L’obtention de ces terrains revient à la ville-centre. Récemment, elle a utilisé son droit de préemption d’acquérir deux bâtiments, le Plaza Hutchison et le 7965 Acadie, afin d’y construire des logements sociaux. La construction en tant que telle doit être financée par Québec, et la ville attend toujours des sommes nécessaires. Selon Robert Beaudry, membre du comité exécutif responsable du logement à la Ville de Montréal, la ville a identifié 58 autres terrains à Parc-Extension où elle peut potentiellement utiliser ce droit. Il ajoute que les investissements annoncés par la ministre québécoise du Logement, Andrée Laforest, le 9 avril représentent des sommes promises depuis plusieurs années : «C’est une bonne nouvelle, mais ça n’affecte pas les nouveaux développements.»

Le quartier fait partie de la circonscription du député solidaire Andrés Fontecilla. Il voudrait que Québec investisse davantage dans le logement social et facilite l’accès au TAL pour des locataires voulant contester une expulsion. «Ce n’est qu’une infime minorité [des locataires] qui porte plainte,» estime-t-il. Il voudrait aussi voir la mise en place d’un moratoire sur les expulsions quand le taux d’inoccupation est de moins de 3 %. Entretemps, il exhorte les locataires à utiliser les recours qui leur sont disponibles : «Défendez-vous!»

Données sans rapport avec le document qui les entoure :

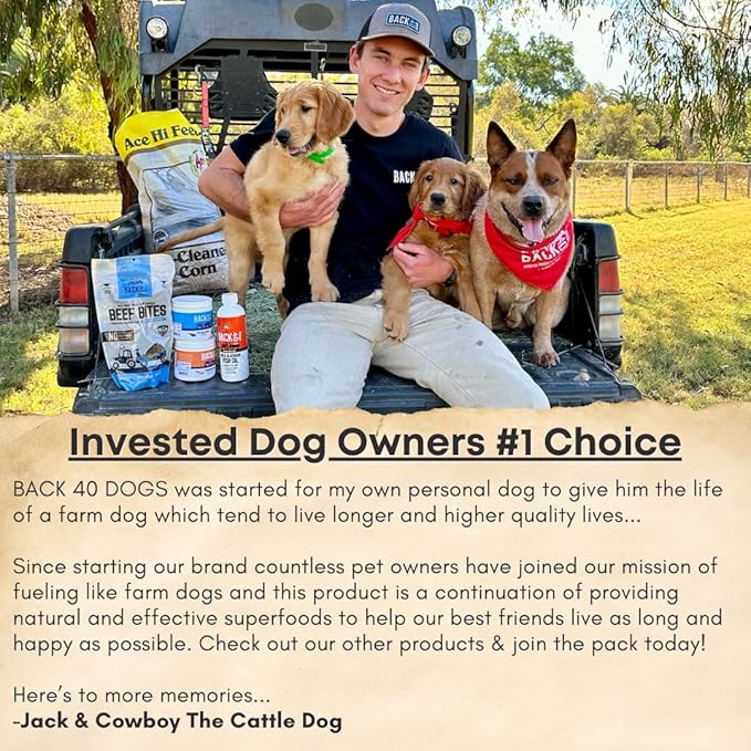 - Trusted Quality by Back 40 Dogs: Committed to providing the best for your pets, Back 40 Dogs ensures every batch of our beef broth supplement is made to the highest standards, so you can feel confident in the care you give your beloved pet.
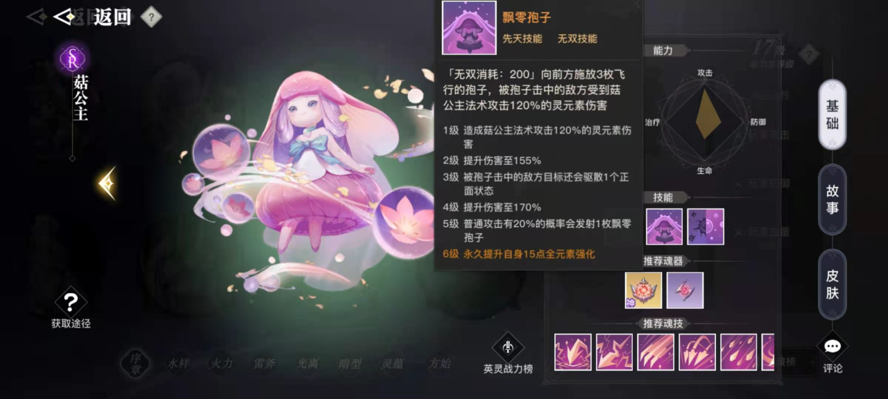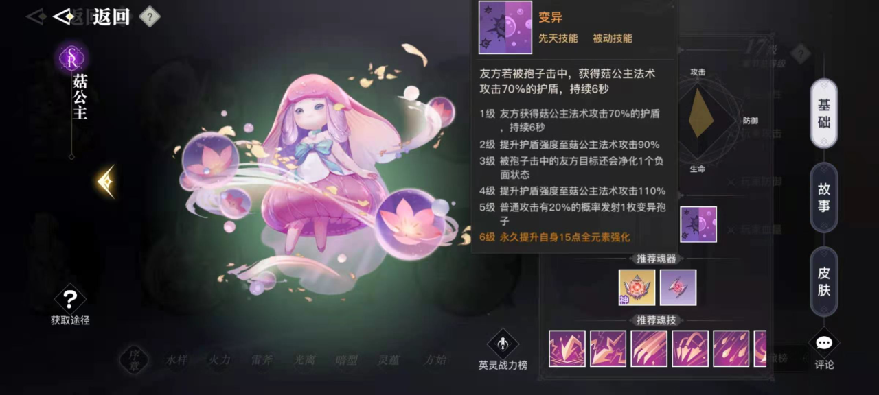 茹公主的一技能飘零孢子,使得茹公主可以释放出孢子攻击,被击中的目标会被清除所有的增益状态,二技能变异,使得友方目标被击中后,茹公主可以为其施加护盾,并且驱散减益BUFF,是奶妈的强力补充辅助。
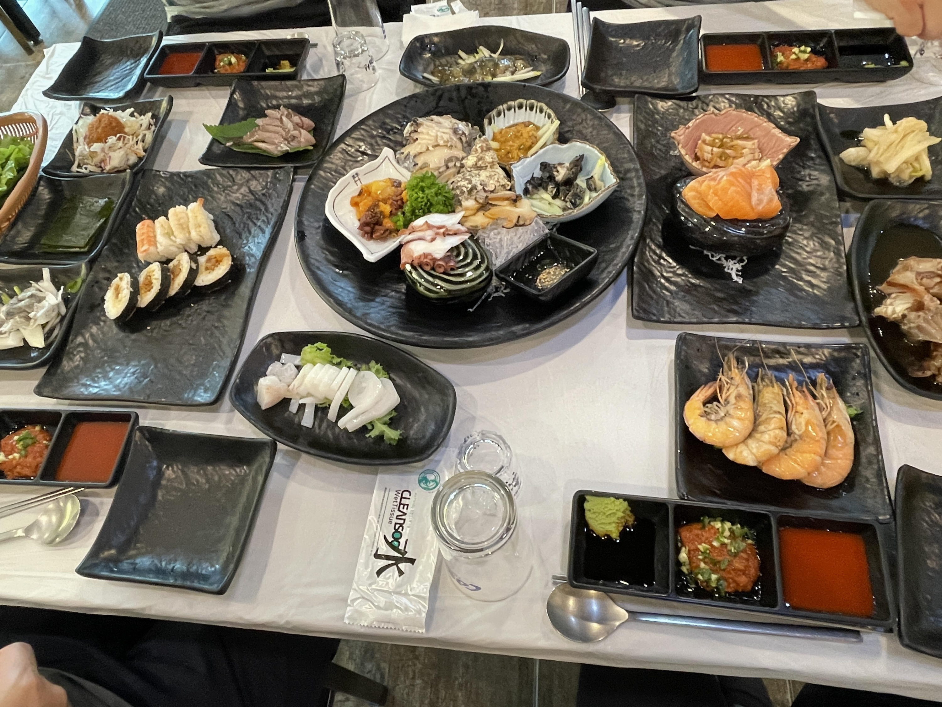 코스 4인분을 주문하니 스끼다시가 화려하게 깔리시 시작합니다. 순식간에 차려지는데 새우찝, 간장게장, 한치회, 돔껍질 무침, 초밥, 연어, 샐러드 등이 나오고 해물모둠이 함께 나옵니다.
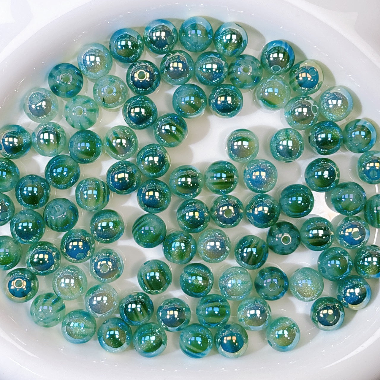 稀にビーズ穴付近が少し平なものが含まれます。
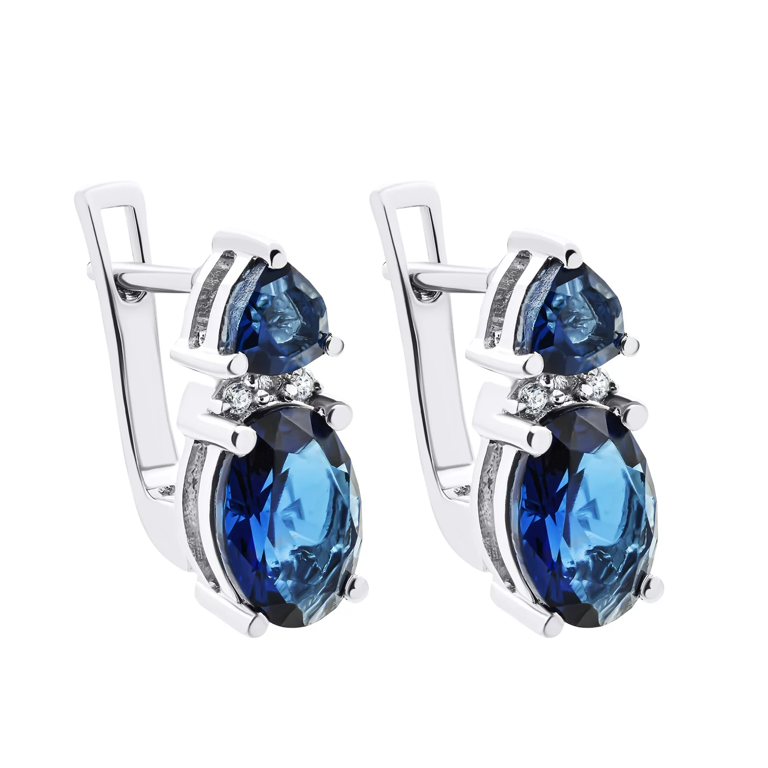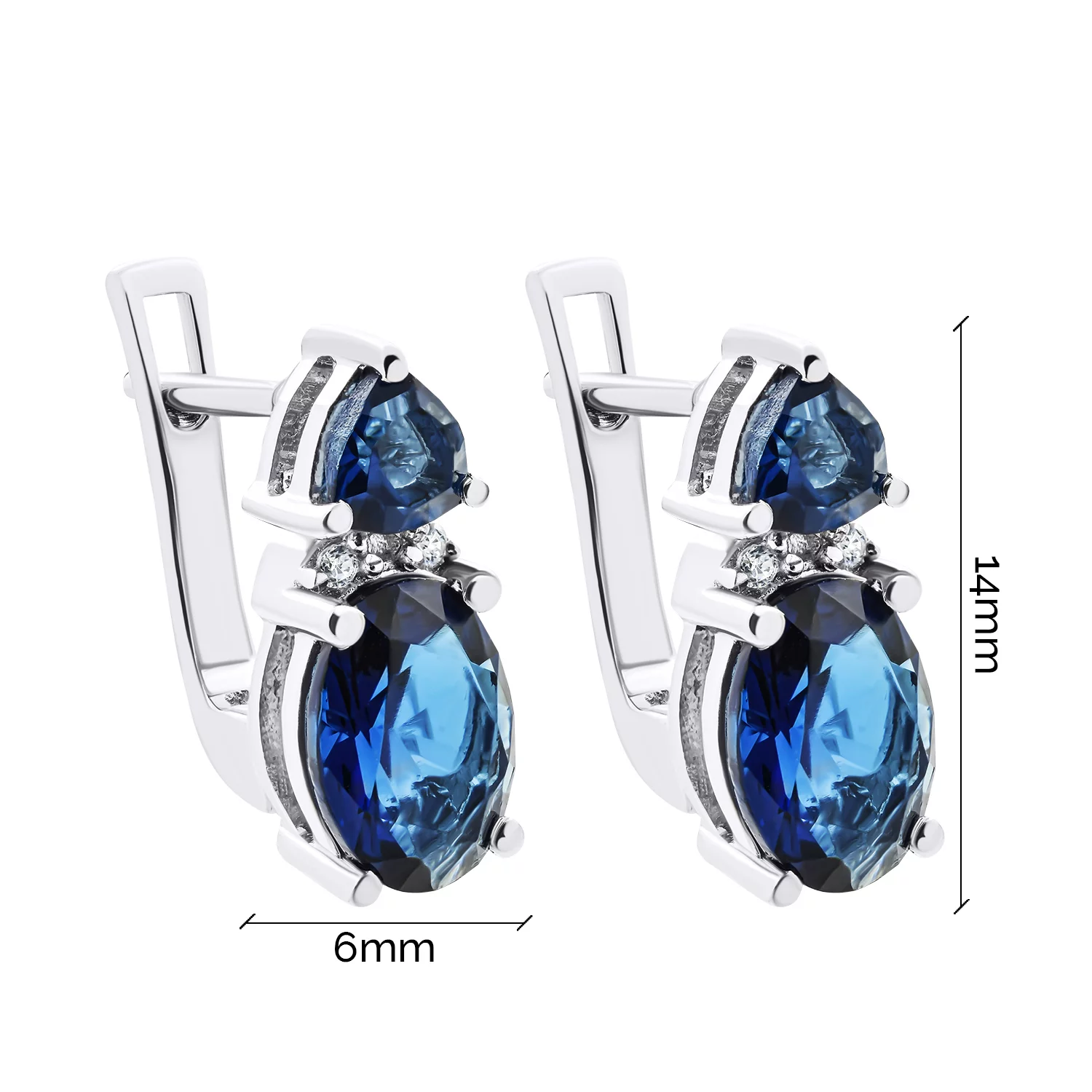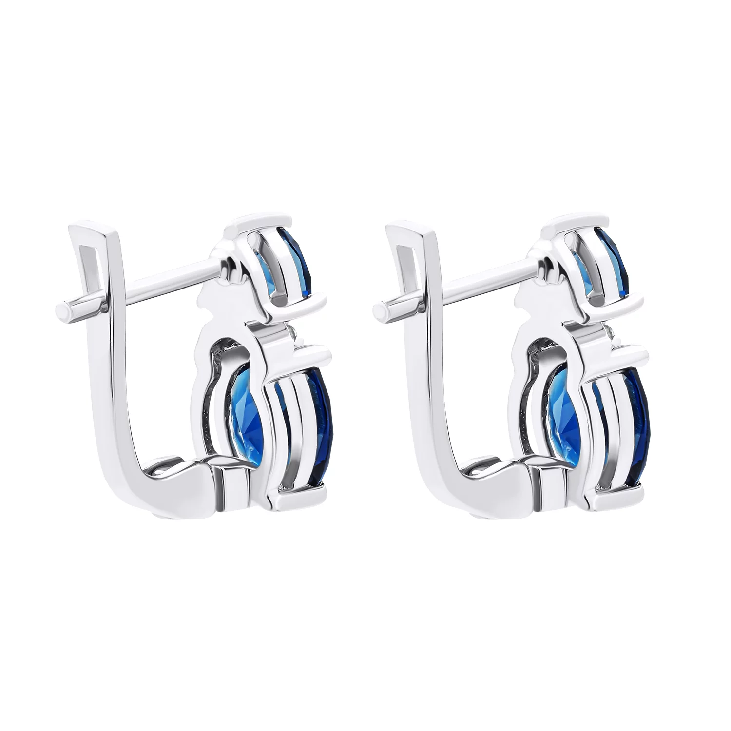 Сережки зі срібла з підвісом "Пантера" з альпінітами та фіанітами - 1809813
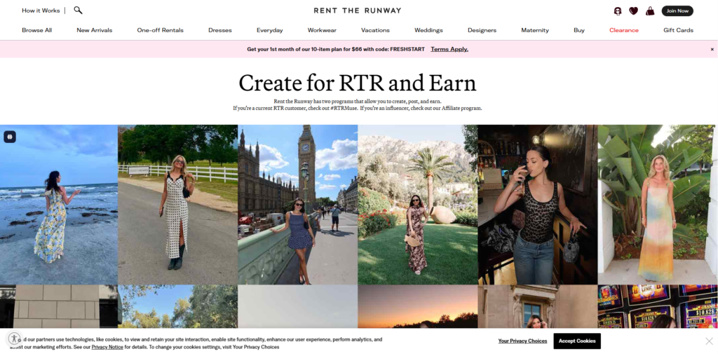 Rent the Runway transformed the fashion industry by allowing women to rent designer clothing and accessories for a fraction of the retail price. Their “Closet in the Cloud” offers everything from gala gowns to workwear and designer handbags, making luxury accessible for everyday use. This model appeals strongly to the “experience over ownership” demographic and those needing outfits for special events. The affiliate program is particularly effective for content creators who focus on sustainability, minimalism, or event styling. By promoting rentals, you offer your audience a smart, budget-friendly way to wear top-tier designers like Oscar de la Renta and Tory Burch.
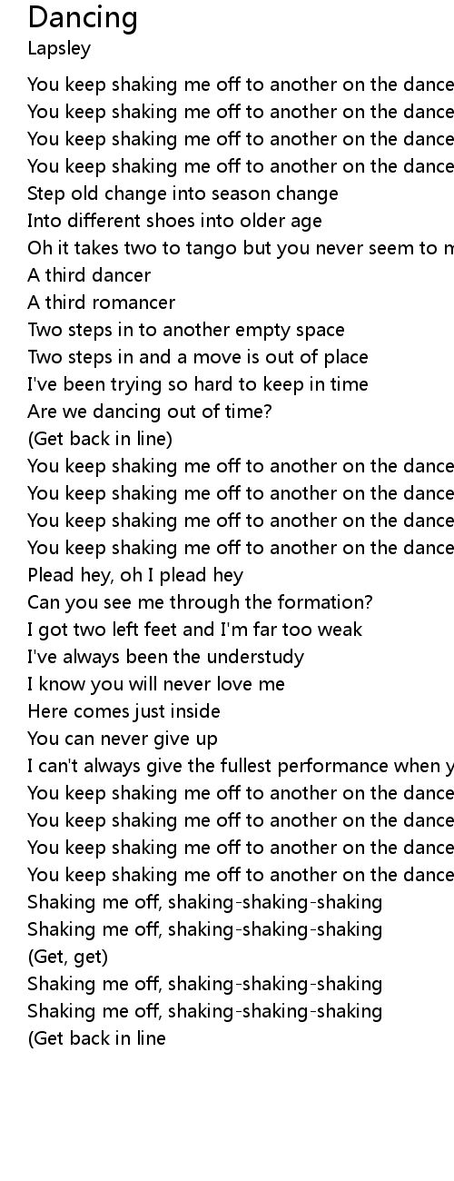 [00:08.26] You keep shaking me off to another on the dancefloor
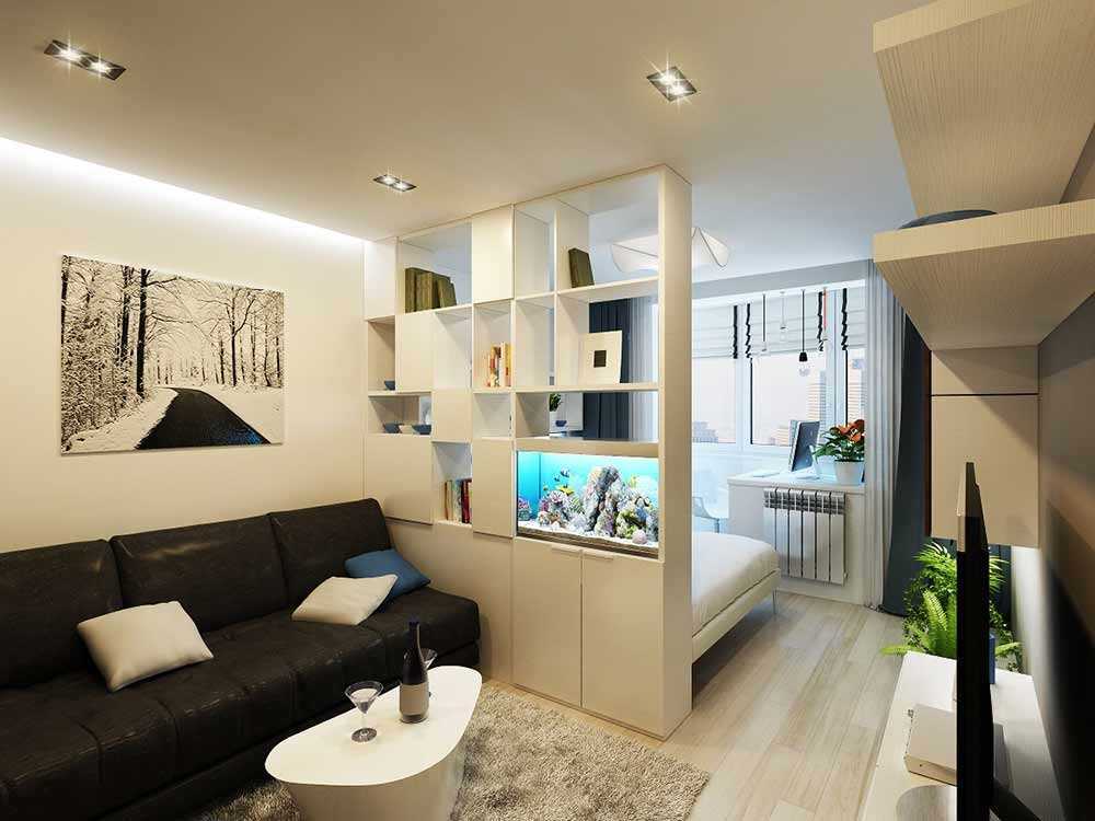 - Аквариум. Этот метод разделения потребует серьезных материальных вложений, но результат того стоит. И со стороны гостиной, и со стороны спальни есть возможность насладиться умиротворяющим видом.
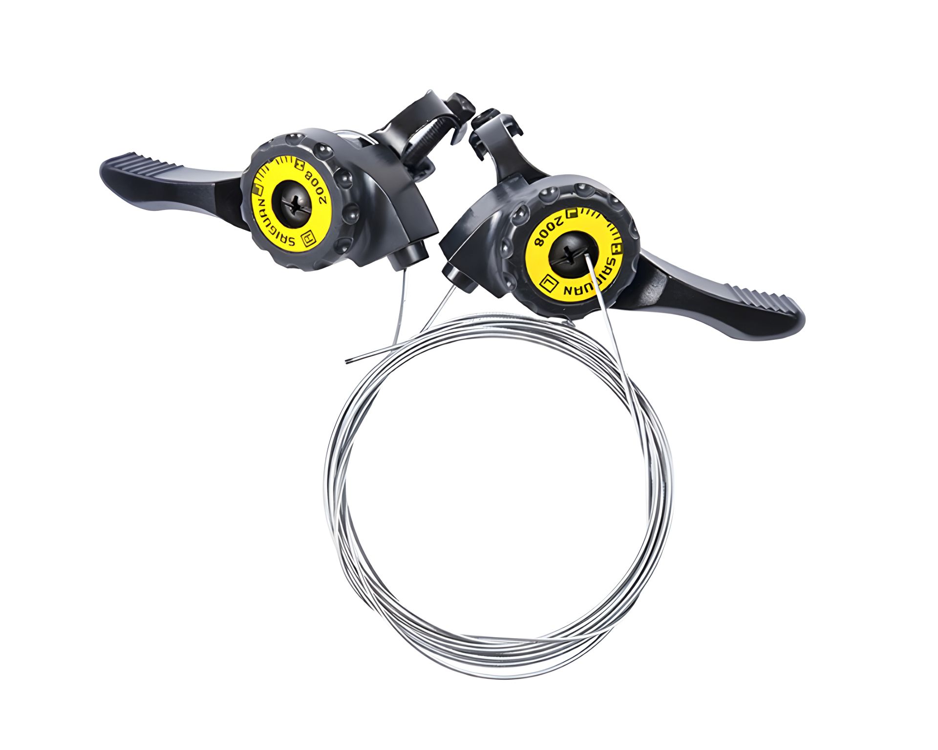 Манетки Saiguan можно установить как на руль, так и на раму. Подходят для 2х3 скоростей спереди и 4х7 сзади. Укомплектованы 2-мя тросиками. Работают индексно, а также фрикционно. Подойдут к велосипедам МТБ и шоссе.

Paul Napolitano espère que la construction des logements sociaux fera baisser la pression sur le marché locatif. L.B., pour sa part, est à court de solutions. «Je vais continuer à me battre, mais je commence à être fatigué. Chaque jour, je me promène dans le quartier, à la recherche d’un autre appartement, pour être moins stressé.»

(1) Le locataire utilise un pseudonyme par crainte de représailles de son propriétaire.

(2) Ricochet souhaite remercier tout l’équipe du CAPE ainsi que Mary Arvanitaki de Hellenic Community Services pour leur soutien en logistique et en traduction.